▶ GIVEN DATA:
»»

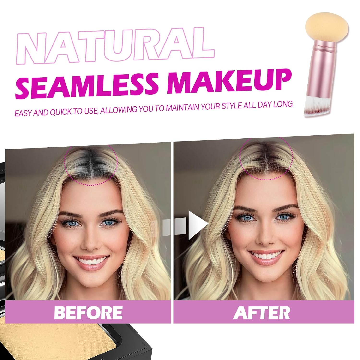• COMPACT ROOT TOUCH UP HAIR COLOR: Unique travel kit design, hairline shadow powder come with mirror, hairline powder, powder puff and rose pink dual-ended hair makeup brush applicator with sponge tip, convenient to carry on daily or traveling. You can cover hair root instantly, define your hairline and make up at anytime, anywhere
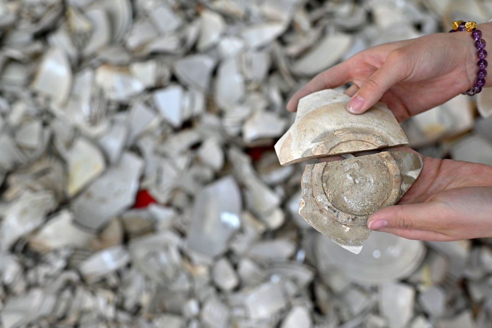 在云岡研究院可移動(dòng)文物修復(fù)室,工作人員高嘉珩在進(jìn)行瓷器修復(fù)(2024年2月26日攝)。
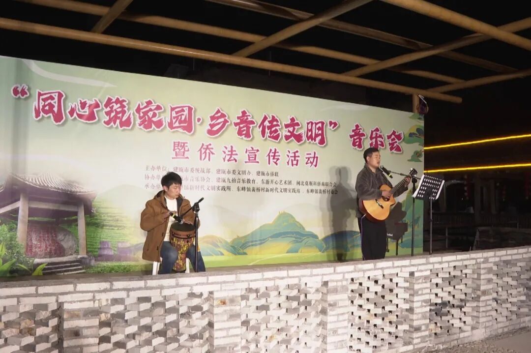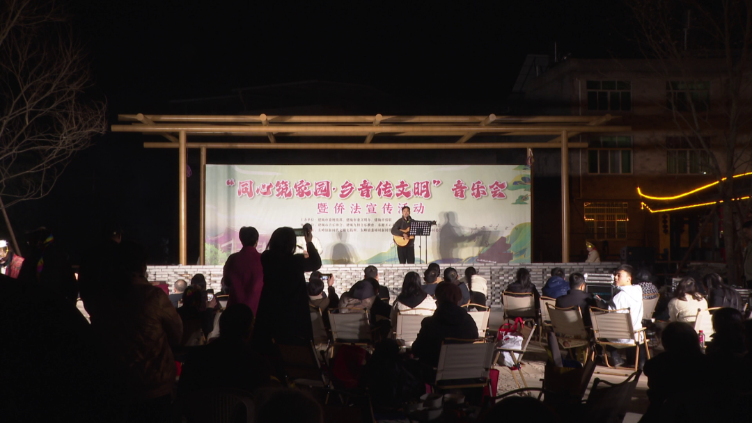 乡音袅袅传文明,同心聚力促振兴。1 月 15 日,“同心筑家园・乡音传文明”音乐会暨侨法宣传活动在东峰镇裴桥村主题公园举办。 活动通过村民喜闻乐见的文艺形式,传播文明乡风,丰富裴桥村群众的精神文化生活,增强村民的凝聚力与归属感,助力文明村镇创建。市委常委、统战部部长叶瑱出席活动。
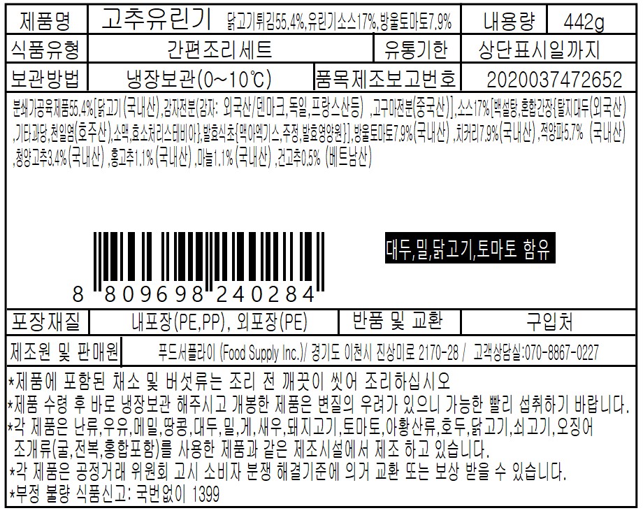 제품명 [앙트레] 쿠킹박스 고추유린기 442g

««

▶ PROBLEM STATEMENT:
Transcribe all of the material exactly, leaving out whatever pictures it contains.

▶ SOLUTION TO THE EXERCISE:
• COMPACT ROOT TOUCH UP HAIR COLOR: Unique travel kit design, hairline shadow powder come with mirror, hairline powder, powder puff and rose pink dual-ended hair makeup brush applicator with sponge tip, convenient to carry on daily or traveling. You can cover hair root instantly, define your hairline and make up at anytime, anywhere
 在云岡研究院可移動(dòng)文物修復(fù)室,工作人員高嘉珩在進(jìn)行瓷器修復(fù)(2024年2月26日攝)。
 乡音袅袅传文明,同心聚力促振兴。1 月 15 日,“同心筑家园・乡音传文明”音乐会暨侨法宣传活动在东峰镇裴桥村主题公园举办。 活动通过村民喜闻乐见的文艺形式,传播文明乡风,丰富裴桥村群众的精神文化生活,增强村民的凝聚力与归属感,助力文明村镇创建。市委常委、统战部部长叶瑱出席活动。
 제품명 [앙트레] 쿠킹박스 고추유린기 442g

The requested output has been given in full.